[[ Excerpted data open ]]
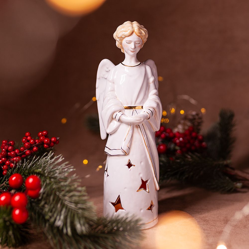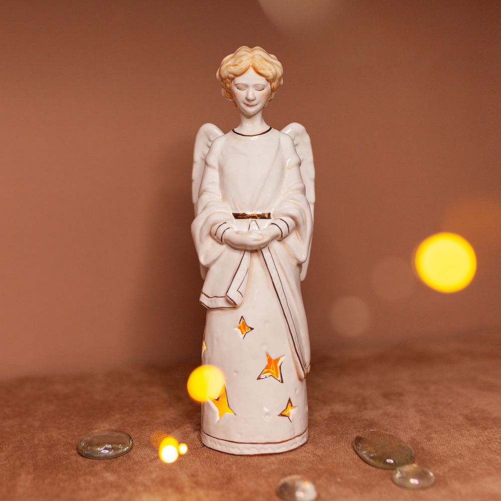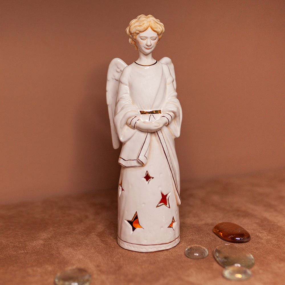 Это изделие ручной работы представляет собой подсвечник со звездами в виде ангела ручной работы, которая с любовью расписана. Гармоничное сочетание красок успокаивает, и приносит особое настроение ожидания чуда. Ангел представлен в простом и понятном облике, со светлыми волосами и нежной улыбкой. Станет прекрасным подарком на именины, свадьбы, Новый год, Рождество, Пасху и другие праздники. Принято считать, что Ангелы избавляют от опасности, помогают преодолеть трудности, наполняют нашу жизнь миром и любовью. Наш Ангел словно излучает тепло. Изображения ангела принято дарить на удачу, так же Ангелы избавляют от опасности. Ангел станет особенным акцентом в интерьере и украшением Вашей коллекции керамики.
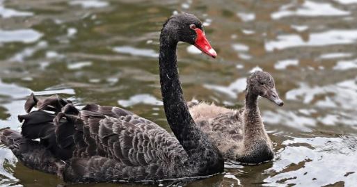 흑고니는 다른 고니류에 비해 울음소리를 잘 내지 않는다고 하는데, 단 화가 났을 때에는 시끄럽게 '쉿쉿' 소리를 낸다더라고요. 흑고니의 부리는 붉은색에 가까운 오렌지색이며, 검은색 혹이 있어요.
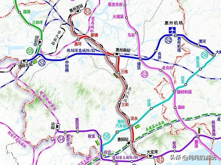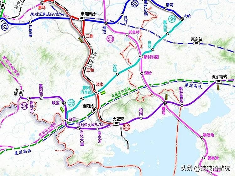 s4:线路全长约62.6公里,串联惠阳区、大亚湾和惠东县,计划从惠阳区规划中的深惠城际线新圩站引出,依次设立新圩东站、惠阳西站、秋宝站、白云站、石化大道站、响水河站后,接入大亚湾站,再途经柏岗、霞涌、帆板基地后,直至接入厦深高铁和汕汕高铁的惠东南站为止。
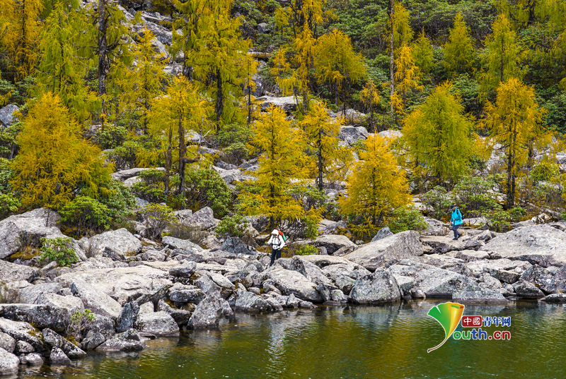Beijing, October 22 (Youth.cn) - On October 15, 2025, the larch trees in the Dangling Scenic Area of Danba County, Garze Tibetan Autonomous Prefecture, Sichuan, turned a vast expanse of gold. The golden trees complement the snow-capped mountains perfectly and attract countless hikers to explore, which creats a beautiful interaction between the colorful forest and humanity. Photo/CFP
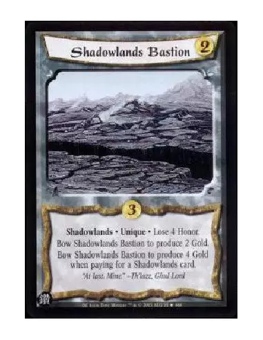Shadowlands * Unique * Lose 4 Honor. Bow Shadowlands Bastion to produce 2 Gold. Bow Shadowlands Bastion to produce 4 Gold when paying for a Shadowlands card.
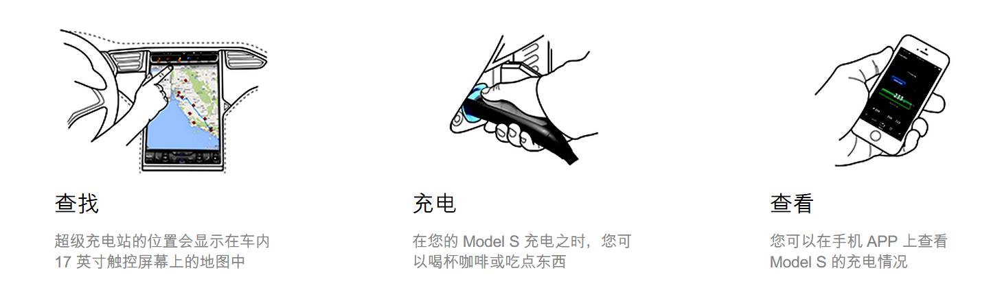 Tesla超级充电站号称世界上最快的充电站。超级充电站可免费使用,为 Model S 充电仅需几十分钟,不用花费几小时。充电站通常建在饭店、购物中心以及 WiFi 热点网络附近,非常方便。每座超级充电站均安装多台充电桩,可同时为多辆 Model S 充电。而最近Tesla扩张计划也将采用目的地充电的方式。
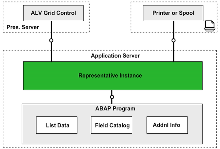 The communication between the representative instance in the ABAP program and the ALV Grid on the presentation server takes place interactively at runtime.
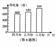 8、学校今年第二季度的用电量如图所示,那么五月份的用电量比四月份多
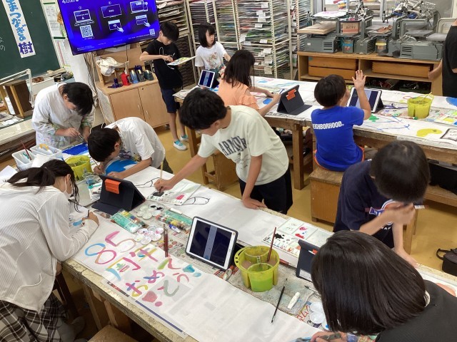 6年生は絵の具、墨、凧絵の具を用いて3メートルの大きな絵を描きます。
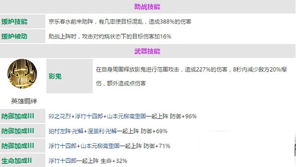 1、一阶,助战上阵时,攻击对灼烧状态下的目标伤害加16%
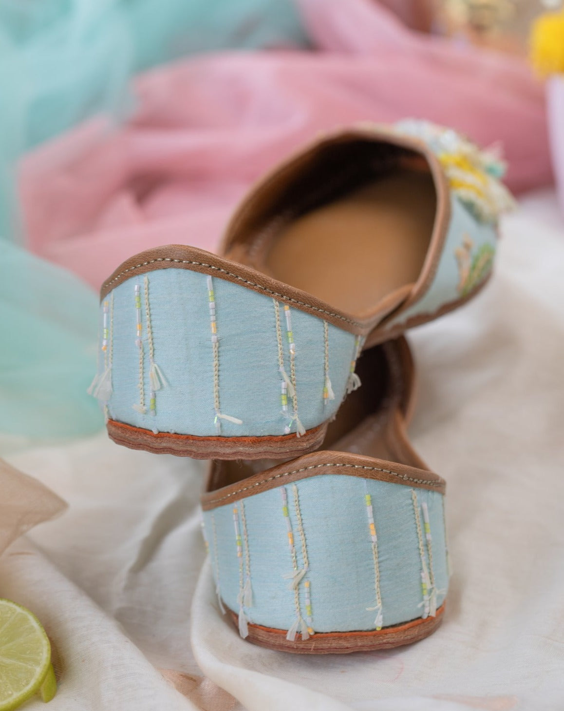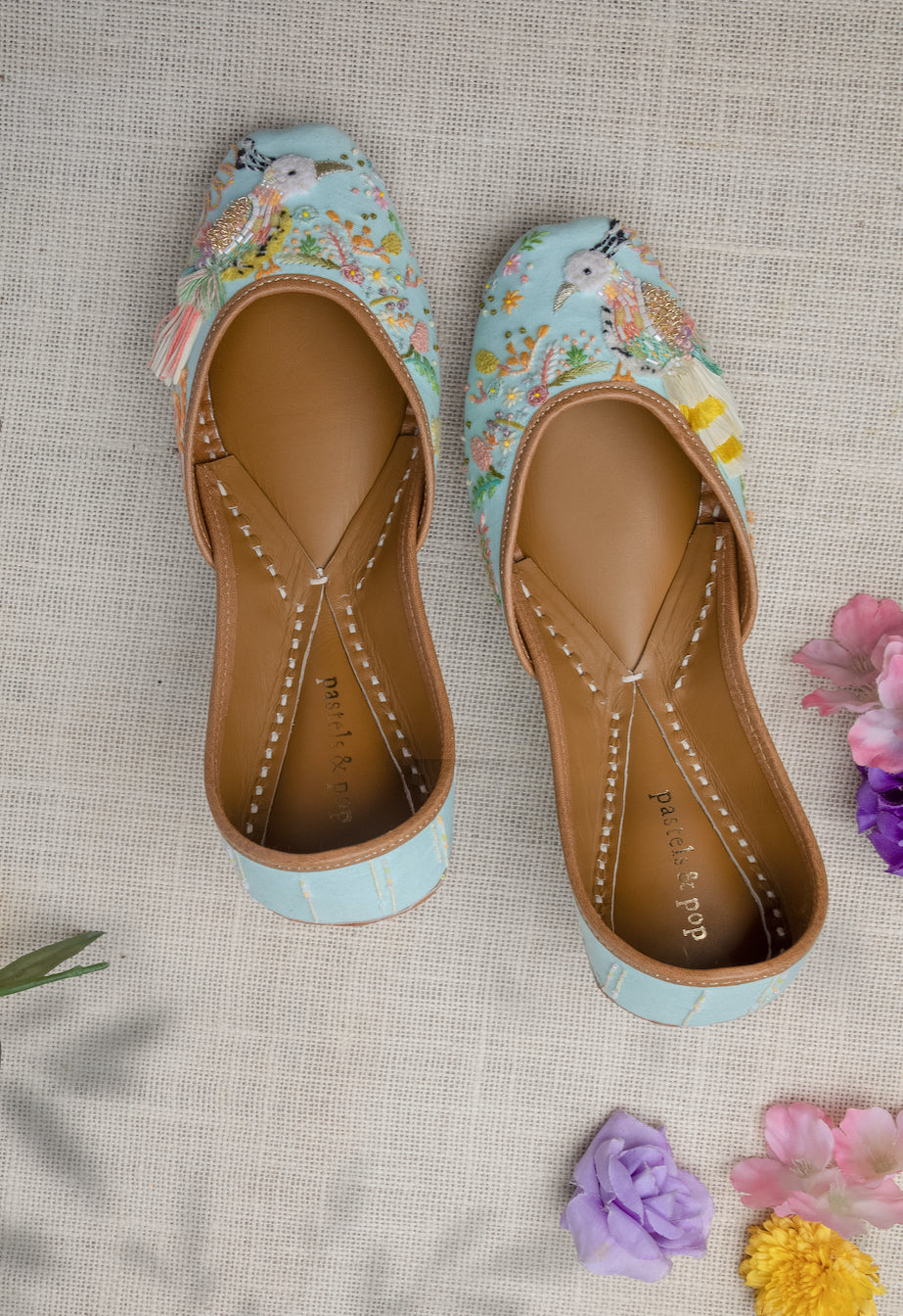 Designed by ‘Design your Jutti’ contest winner, Vahini Ravichandran, executed by our design team. Birds of Paradise is an artist’s impression of a slice of heaven. Shades of soft sky blue play as a backdrop to 3D tropical birds, hand-embroidered in different hues of pink, yellow and green. Intricate needlework has gone into each detail, using elements like threads, raffia, beads and gold threads. Some of the most proficient of karigars have worked on this tirelessly, taking 19 man hours on average for hand-embroidery alone,
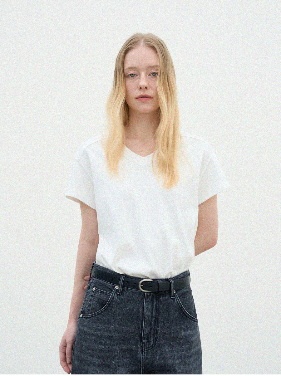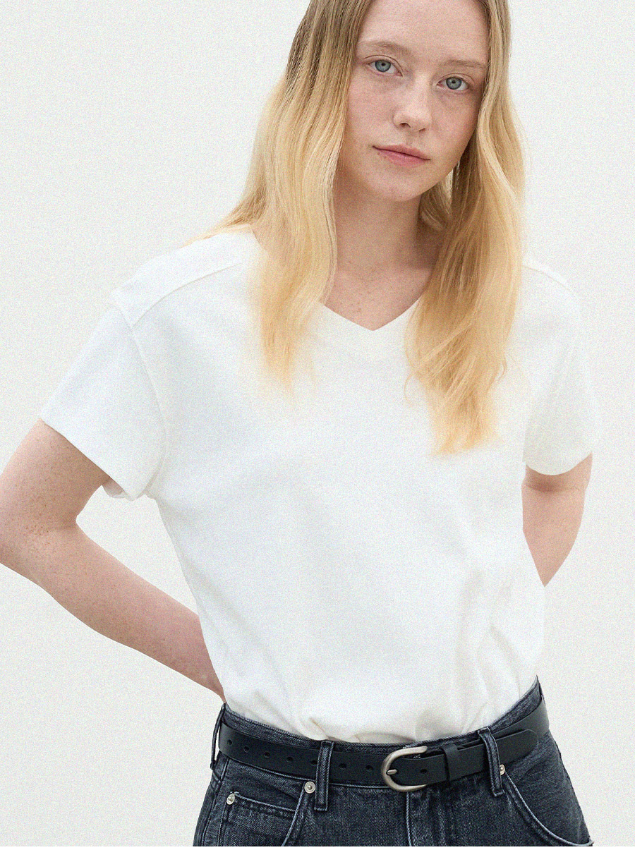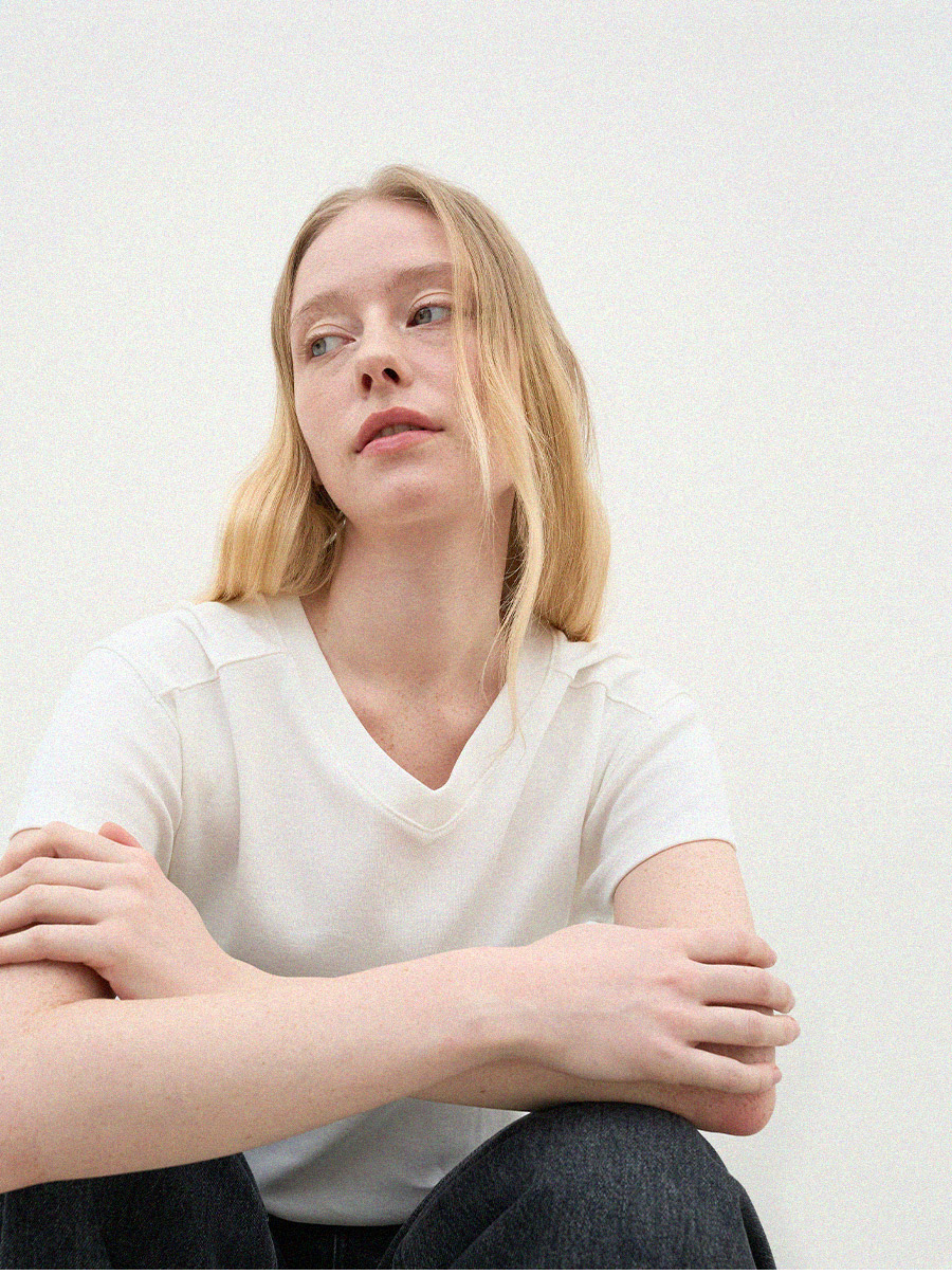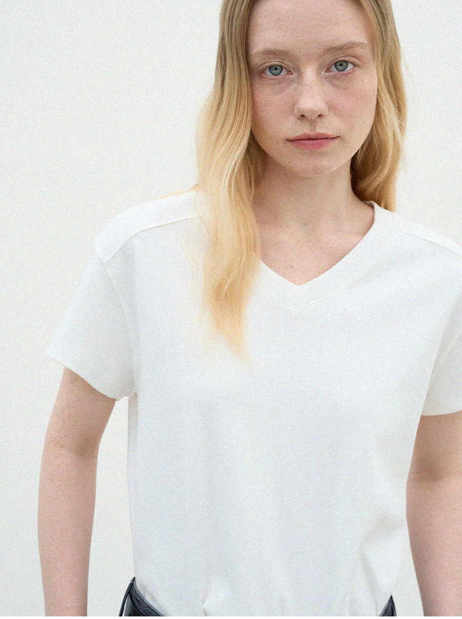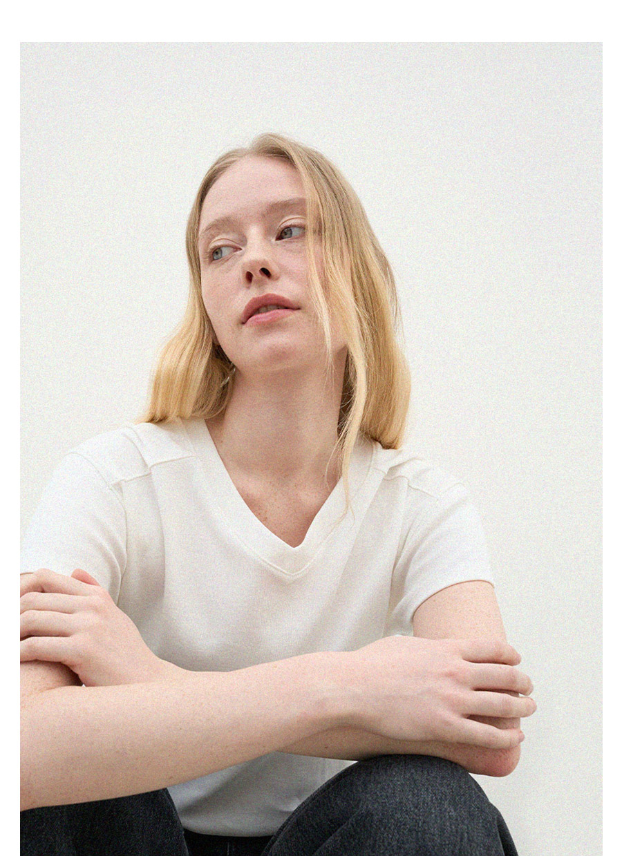 - 목선을 자연스럽게 살려주는 브이넥 라인으로 깔끔한 무드를 보여줍니다
[[ Excerpted data closed ]]
Exercise brief: Using the material above, transcribe exactly the lines from the one holding "흑고니는 다른 고니류에" to the one holding "Designed by ‘Design", both ends kept. Do not carry over any pictures.

Solution for this exercise:
 흑고니는 다른 고니류에 비해 울음소리를 잘 내지 않는다고 하는데, 단 화가 났을 때에는 시끄럽게 '쉿쉿' 소리를 낸다더라고요. 흑고니의 부리는 붉은색에 가까운 오렌지색이며, 검은색 혹이 있어요.
 s4:线路全长约62.6公里,串联惠阳区、大亚湾和惠东县,计划从惠阳区规划中的深惠城际线新圩站引出,依次设立新圩东站、惠阳西站、秋宝站、白云站、石化大道站、响水河站后,接入大亚湾站,再途经柏岗、霞涌、帆板基地后,直至接入厦深高铁和汕汕高铁的惠东南站为止。
Beijing, October 22 (Youth.cn) - On October 15, 2025, the larch trees in the Dangling Scenic Area of Danba County, Garze Tibetan Autonomous Prefecture, Sichuan, turned a vast expanse of gold. The golden trees complement the snow-capped mountains perfectly and attract countless hikers to explore, which creats a beautiful interaction between the colorful forest and humanity. Photo/CFP
Shadowlands * Unique * Lose 4 Honor. Bow Shadowlands Bastion to produce 2 Gold. Bow Shadowlands Bastion to produce 4 Gold when paying for a Shadowlands card.
 Tesla超级充电站号称世界上最快的充电站。超级充电站可免费使用,为 Model S 充电仅需几十分钟,不用花费几小时。充电站通常建在饭店、购物中心以及 WiFi 热点网络附近,非常方便。每座超级充电站均安装多台充电桩,可同时为多辆 Model S 充电。而最近Tesla扩张计划也将采用目的地充电的方式。
 The communication between the representative instance in the ABAP program and the ALV Grid on the presentation server takes place interactively at runtime.
 8、学校今年第二季度的用电量如图所示,那么五月份的用电量比四月份多
 6年生は絵の具、墨、凧絵の具を用いて3メートルの大きな絵を描きます。
 1、一阶,助战上阵时,攻击对灼烧状态下的目标伤害加16%
 Designed by ‘Design your Jutti’ contest winner, Vahini Ravichandran, executed by our design team. Birds of Paradise is an artist’s impression of a slice of heaven. Shades of soft sky blue play as a backdrop to 3D tropical birds, hand-embroidered in different hues of pink, yellow and green. Intricate needlework has gone into each detail, using elements like threads, raffia, beads and gold threads. Some of the most proficient of karigars have worked on this tirelessly, taking 19 man hours on average for hand-embroidery alone,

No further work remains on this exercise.